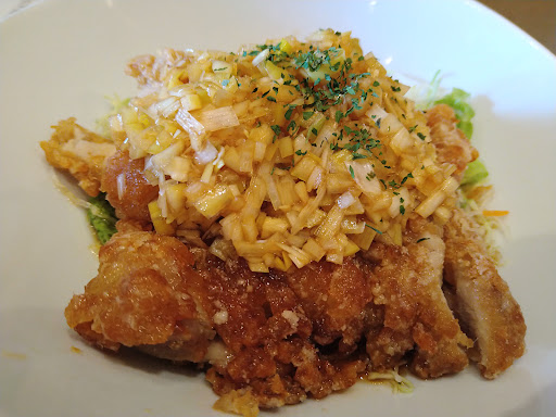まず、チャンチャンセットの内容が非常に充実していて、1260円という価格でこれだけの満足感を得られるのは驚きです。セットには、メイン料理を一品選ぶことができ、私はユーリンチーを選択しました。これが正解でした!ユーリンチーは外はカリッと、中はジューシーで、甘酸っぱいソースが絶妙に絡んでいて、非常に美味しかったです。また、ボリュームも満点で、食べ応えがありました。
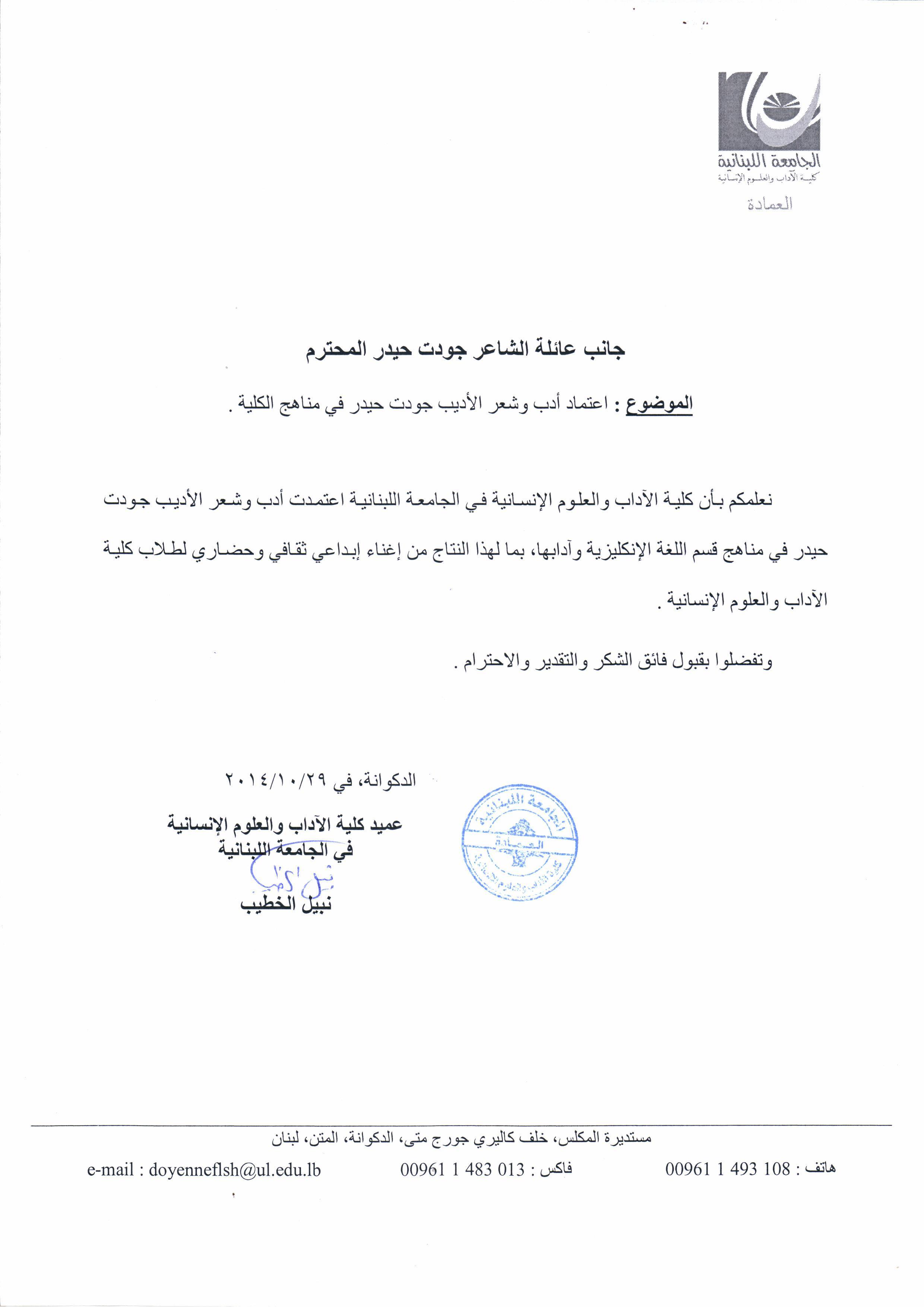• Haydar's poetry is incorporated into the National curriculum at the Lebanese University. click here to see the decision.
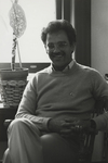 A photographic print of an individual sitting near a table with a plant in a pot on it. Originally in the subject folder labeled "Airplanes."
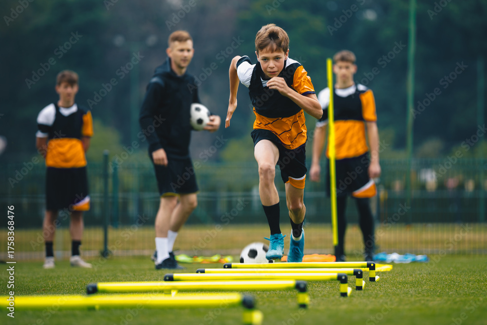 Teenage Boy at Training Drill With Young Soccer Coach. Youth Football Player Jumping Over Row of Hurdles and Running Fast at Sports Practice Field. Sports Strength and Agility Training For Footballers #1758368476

****************

Please output the lines above beginning at the line with "see the decision." and ending after the line with "A photographic print", precisely as written and with no pictures.

> **SOLUTION TO THIS TASK**
• Haydar's poetry is incorporated into the National curriculum at the Lebanese University. click here to see the decision.
 A photographic print of an individual sitting near a table with a plant in a pot on it. Originally in the subject folder labeled "Airplanes."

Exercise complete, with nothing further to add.